The present polyp data could be interpreted as a support for the widespread idea of an anti-inflammatory role for PPARγ within the human airways. However, data contradicting an anti-inflammatory role for PPARγ has been published [38, 39]. This discrepancy has been attributed to the use of nonselective ligands [38] or the use of very high concentrations of more selective ligands [39]. In this context, it is essential to recognize that inflammation is normally a self-resolving process with the existence of both positive and negative regulators that ultimately allow complete resolution and homeostasis. In the absence of resolution and clearance or in the event of a dampened healing response, persistent inflammation can arise in the form of tissue damage as associated with chronic disease.

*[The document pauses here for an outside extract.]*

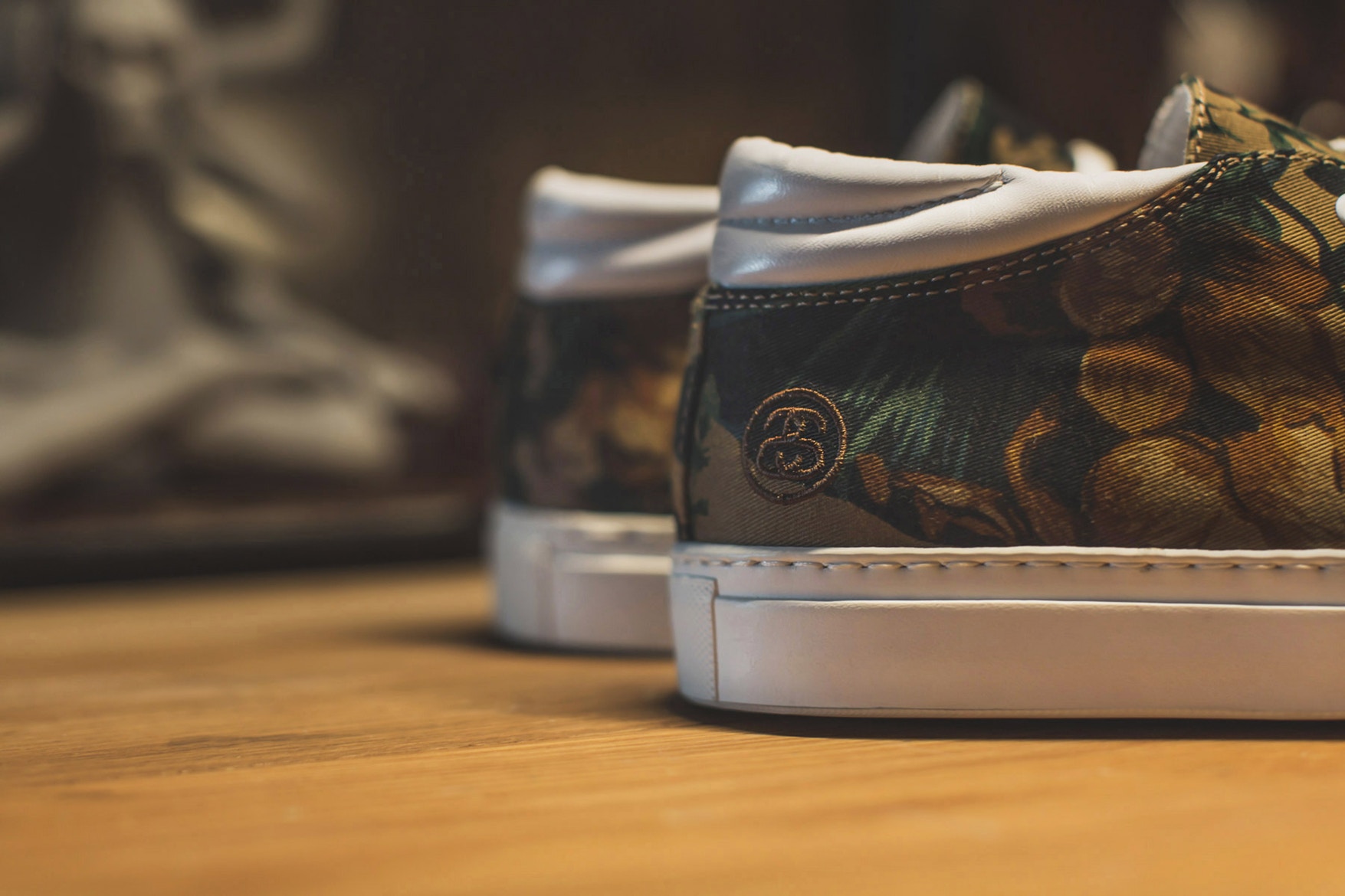 Für diese Zusammenarbeit hat Stussy das Oberteil des Chukkas mit einem Hokkoh-Stoff mit Blumenprint überarbeitet und einen kontrastierenden weißen Lederkragen hinzugefügt. Ein tonales Stussy Branding, weiße Schnürsenkel und eine weiße vulkanisierte Sohle vervollständigen das Look für diese Modell des italienischen Brands.

The down-regulation of PPARγ, in nasal polyposis but not in turbinates during symptomatic seasonal rhinitis, suggests that PPARγ might be of importance in long standing inflammations, causing polyps, whereas an eventual role in allergic rhinitis remains to be established. It is tempting to speculate in a therapeutic future for PPARγ activating agonists in the treatment of long standing airway inflammation.